VPIRG calls for closing Vermont Yankee in 2012

By DAVE GRAM
Associated Press Writer

The Vermont Public Interest Research Group said Tuesday it had gathered more than 12,000 signatures on postcards calling for the Vermont Yankee nuclear plant to close when its current license expires in 2012.

VPIRG held a news conference to make the announcement outside the Statehouse, where lawmakers are expected to decide in their 2009 session whether the state's lone reactor, which is located in Vernon, should be authorized to seek a 20-year license extension.

"One of the best ways to gauge public opinion is to go out and actually talk with people, face to face and door to door," said Ben Walsh, who helped to run VPIRG's summer campaign office.

"We've done that from one end of Vermont to the other," Walsh added, "and I can tell you that from Grand Isle to Brattleboro, Vermonters are ready to make the switch from an unreliable and aging nuclear plant to a clean, local, renewable energy future."

Both Vermont Yankee and the Vermont Energy Partnership, a coalition mainly made up of business groups that has supported Vermont Yankee, later rebutted the VPIRG remarks, saying the plant had been a good source of economical power for the state and that it is low in greenhouse gas emissions.

VEP President Brad Ferland said that "because of Vermont Yankee's dependable and low-cost power, Vermonters have the lowest electric rates in the region, approximately 21 percent lower than elsewhere in New England."

VPIRG, a longtime critic of nuclear power, argues the plant is aging and unsafe, and that much of its power can be replaced with wind and other renewable resources.

Vermont Yankee supporters counter that the state would be hard-pressed to replace power from the reactor in the state's southeast corner from sources like wind.

"While renewable energy sources can and should be developed to help reduce peak load demands and Vermonts use of fossil fuel sources for electricity, they cannot replace base-load energy sources including nuclear power from Vermont Yankee and hydroelectric power from Hydro Québec," Ferland said.

Vermont Yankee spokesman Robert Williams argued that the plant is fit for relicensing because it "has been kept up to date. And it is the most reliable and economical source of power available to Vermont."

Vermont is the only state in the country in which state law gives legislators an up-or-down vote on whether a nuclear plant should be relicensed.
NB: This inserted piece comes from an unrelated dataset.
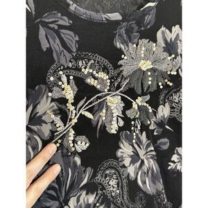 Coldwater Creek 2X Plus Semi Sheer Top Y2K Graphics Sequin Dark Floral
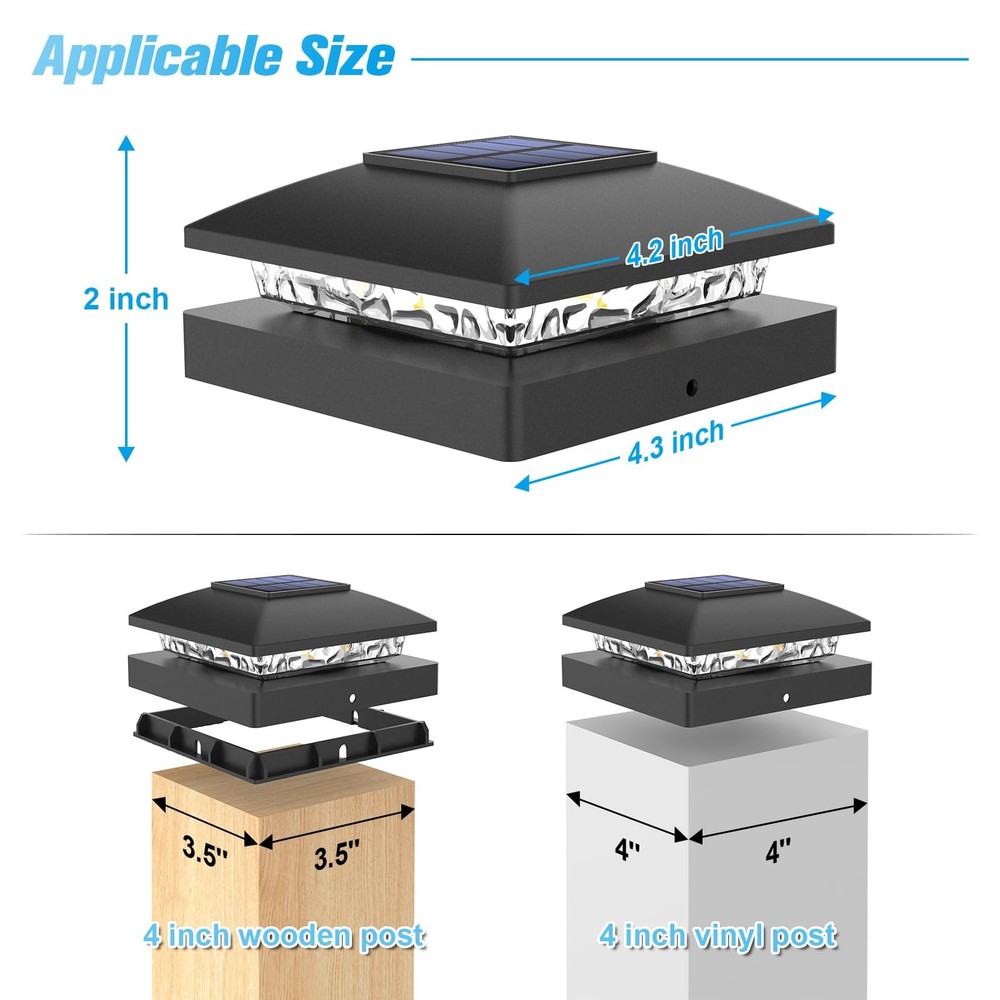 【Product size】The most important point: solar post cap light is a small-sized light - please check the size of your posts first. If you are unsure of any doubts about the size, you can first confirm with our after-sales team. We are very happy to answer your questions! The height of the 4x4 solar post cap light is 2inch/5cm. the length of 4x4 solar fence post cap light is 4.3in/11cm, the width of 4x4 solar deck post cap light is 4.3in/11cm. 【Fit for post size】Our 4x4 solar deck post cap lights come in various sizes. It is suitable for 4x4 wooden post, 4x4 vinyl post. It can illuminating fences, decks, mailaboxes, making them a versatile and stylish addition to any outdoor space. 【IP64 waterproof】4x4 vinyl fence post solar lights have been upgraded with IP64 waterproof material, which it can withstand high temperature heat, pouring rain, snowstorm or any other outdoor environments. These 4x4 post cap of vinyl fence post cap lights protect your post from rain and sun to prevent premature rotting! 【Easy Installation】Each package contains 2 bases (4x4 wooden post and 4x4 vinyl post) and 12 screws. Choose the appropriate base size and place it on the corresponding post, then screw the two screws into the post through the small holes on both sides of the base. The solar fence post cap light is charged in sunlight for 6-8 hours during the day and automatically turns on for 10-12 hours at night. 【100% Satisfaction Service】We proudly stand behind all of our products 100% and offer a full 2-year service for our outdoor post lighting. This will cover you if the lights stop working or there are any defects within those 2 years.(If you have any question of our products, please feel free to our support team.)

That vote is widely expected during the 2009 session, three years in advance of when the new, 20-year license period would begin if Vermont Yankee succeeds in getting it.

VPIRG Executive Director Paul Burns said his group would be urging Vermonters to talk to their legislative candidates during the fall election season and ask them to vote no on Vermont Yankee's relicensing.

Burns said the group was encouraged with the support it had found during its annual summer canvassing drive, when group members go door-to-door, talking up a selected issue or issues in which the group is involved and soliciting memberships and financial support.

"When we decided to focus on the need to retire Vermont Yankee and support the development of clean energy resources and the jobs that go with them we didn't know how that might go in areas of the state further removed from the shadow of the plant," Burns said.

"As it turns out, this campaign has been one of the most successful we've ever run," he added. "In fact, during my time here no campaign has generated more support from the public than this one."

Vermont Yankee and its supporters say the plant is a safe and economical source of electricity, that its power is produced without significant fossil fuel emissions, that it is a linchpin of the Windham County economy and that it should be relicensed.

Among the plant's supporters is the Vermont Energy Partnership, a coalition of business and other groups.

A call to the VEP office seeking comment on Tuesday was not immediately returned.

On its Web site, the group says Vermont Yankee "has consistently provided reliable and clean power, safely and
efficiently for more than three decades. Today it provides one third of the states electricity. Vermont Yankee has been a staple of the Vermont economy, and helped to make its electricity portfolio one of the cleanest in the country."